HYPERINFLATION RALLY. The dollar is $HIT

Discussion in 'Economics' started by KINGOFSHORTS, Sep 16, 2009.

  1. They will stop printing money when they run out of trees.

    Jim Rogers.

    :)
     
    #11     Sep 16, 2009
  2. Mind boggling doesnt quite reach it ... 1.7 Trn in monetization is a pretty big wad.

    I guess (almost) everyone in the market is eyeballing how much theyll extend it to in their QE: the sequel.

    Anyway, until they stop "monetizing" huge sums of mbs on a weekly basis ( sep 3 to 9 : 18 Bn ) we will have more of what we are having ... the best nominal index recovery in the face of the worse economic recovery :D
     
    #12     Sep 16, 2009
  3. pitz

    pitz

    The banks are lending. They're lending to participants in the stock market who are driving it up, thus, eventually, making equity financing less expensive for businesses that want to grow.

    If the stock market had a reasonable P/E ratio for the past decade, ie: something like 25, you would have seen many new and productive businesses created, instead of money being dumped into real estate. Business owners re-invest their profits typically (hence, dividend rates are relatively low). Real estate owners, ie: the average joe sixpack, consumes any RE profits on useless junk from China.

    The only reason the RE bubble was able to inflate, anyways, was that nobody had any confidence in the stock market, or in business ownership more broadly, so they invested in RE, and in the debt of RE companies.

    Trust me, if the P/E of the markets (based on 5-year trailing earnings) is pumped up to 40-50 (ie: Dow 36,000!) -- you'll see lots of new and useful businesses created. IPO's will become alive again. Business owners will feel 'rich', and will start sharing some of the wealth, competing for the best and brightest college grads to grow their businesses even further.

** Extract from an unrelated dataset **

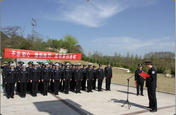 活动中,双石铺派出所副所长杨岩松带领全体人员在烈士纪念碑前重温了入警誓词。 局党委副书记、政委李乖省同志在致辞中指出:要牢记先烈遗志,不忘从警初心。革命先烈们抛头颅、洒热血,就是为了让人民群众过上好日子,作为一名人民警察,我们要始终牢记自己的职责和使命,始终将人民满意作为工作的标准,坚决做到“对党忠诚、服务人民、执法公正、纪律严明”,任何时候都不要忘记了自己在警徽下的铮铮誓言;要坚持公安姓党,全心为民的宗旨不能变。公安队伍是党绝对领导下的以党员为主体的纪律部队,这一特殊属性,决定了公安机关必须紧紧抓住政治建警这个核心,坚持党的绝对领导这一根本原则,确保绝对忠诚、绝对纯洁、绝对可靠。面对新的形势任务,全体民警一定要增强政治责任感,把维护以习近平同志为核心的党中央权威和集中统一领导作为首要政治任务,把对党忠诚、为党分忧、为党尽职、为民造福作为根本政治担当,把党中央关于公安工作的各项部署落到实处,始终确保坚定正确的政治方向,坚持以人民为中心的工作方向不能变;要传承英烈精神,做好当前各项公安工作。各单位要组织民警认真开展学习活动,永远缅怀革命烈士,学习他们的英雄事迹和革命精神,并以他们为榜样,坚定共产主义理想信念,深化党性锤炼,忠诚履职、无私奉献,全力以赴做好当前各项公安工作,为建设高品质幸福凤县做出应有的贡献。 活动结束后,参加的活动人员对烈士陵墓进行了祭扫。 通过此次祭扫活动,大家一致表示要立足本职,深入践行习近平总书记的“对党忠诚、服务人民、执法公正、纪律严明”总要求,忠于职守,勇于担当,确保2018年各项公安工作取得优异成绩,展示个人风采!
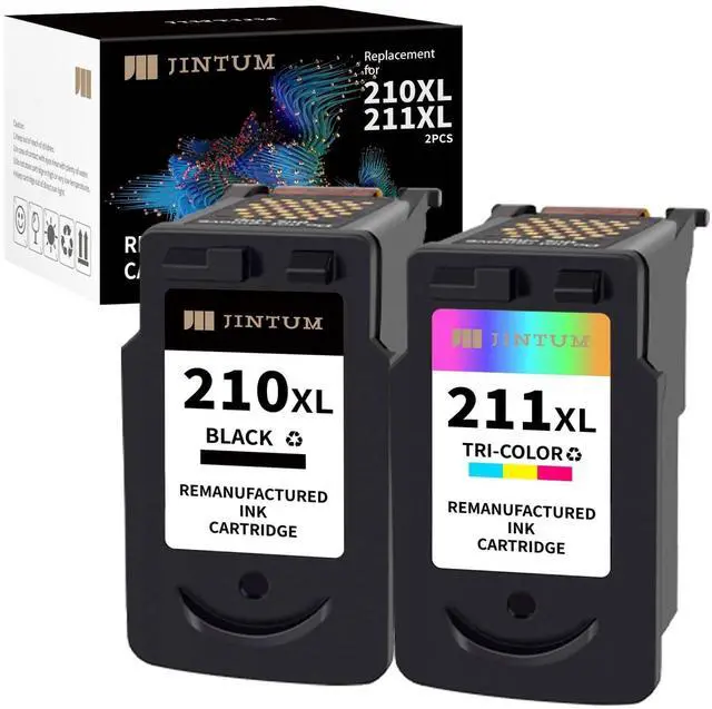 JINTUM 210XL and 211XL Ink Cartridges Remanufactured for Canon 210XL 211XL Combo Pack Compatible with Canon PIXMA MX410 MX350 MX340 MP495 MP250 (PG-210XL/CL-211XL, 1 Black + 1 Tri-Color)

    Overly tight business credit, and overly loose consumer credit is the huge problem here. It will be at least a decade before 'consumer' lending comes back -- but properly capitalized businesses, with sustainable business models, right now, can borrow at <1% right now, with ease, and are just cleaning up.
     
    #13     Sep 16, 2009
  4. wmb

    wmb

     
    #14     Sep 16, 2009
  5. "Hyperinflation" LOL....good grief what is it with you people. On one hand we have the deflation the end is nigh crowd. And now that it's becoming most obvious (to most) that the U.S. is fighting its way out of Recession the hyperinflation crowd gains a voice.

    Is there a contest of which I'm not aware that pays off on the "greatest most asinine headline?"
     
    #15     Sep 16, 2009
  6. I don't know about hyperinflation, but inflation for sure, buy commodities, buy a house.
     
    #16     Sep 16, 2009
  7. All this inflation talk really assumes a robust global recovery.

    You're premature (at best). You're far, far worse (at worst).
     
    #17     Sep 16, 2009
  8. Arnie

    Arnie

    In your scenario, wouldn't prices have to come down? If workers pay can't keep up, how can they maintain the same level of buying? Less buying, less demand, prices would come down, no?
     
    #18     Sep 16, 2009
  9. As a land guy. Do you want to be early or late?

     
    #19     Sep 16, 2009
  10. If you think, economics is the only driving force for inflation, you have no idea. Imagine the following scenario:

    - GDP, lending slowly begins to recover
    - CPI/PPI rise
    - Central Banks around the globe now would need to raise rates.
    But guess, they will not.
    They will keep rates at zero levels for years, no matter what the economy does, in order not to endanger fiscal stability for the government(s).

    This alone will spur an inflation spiral.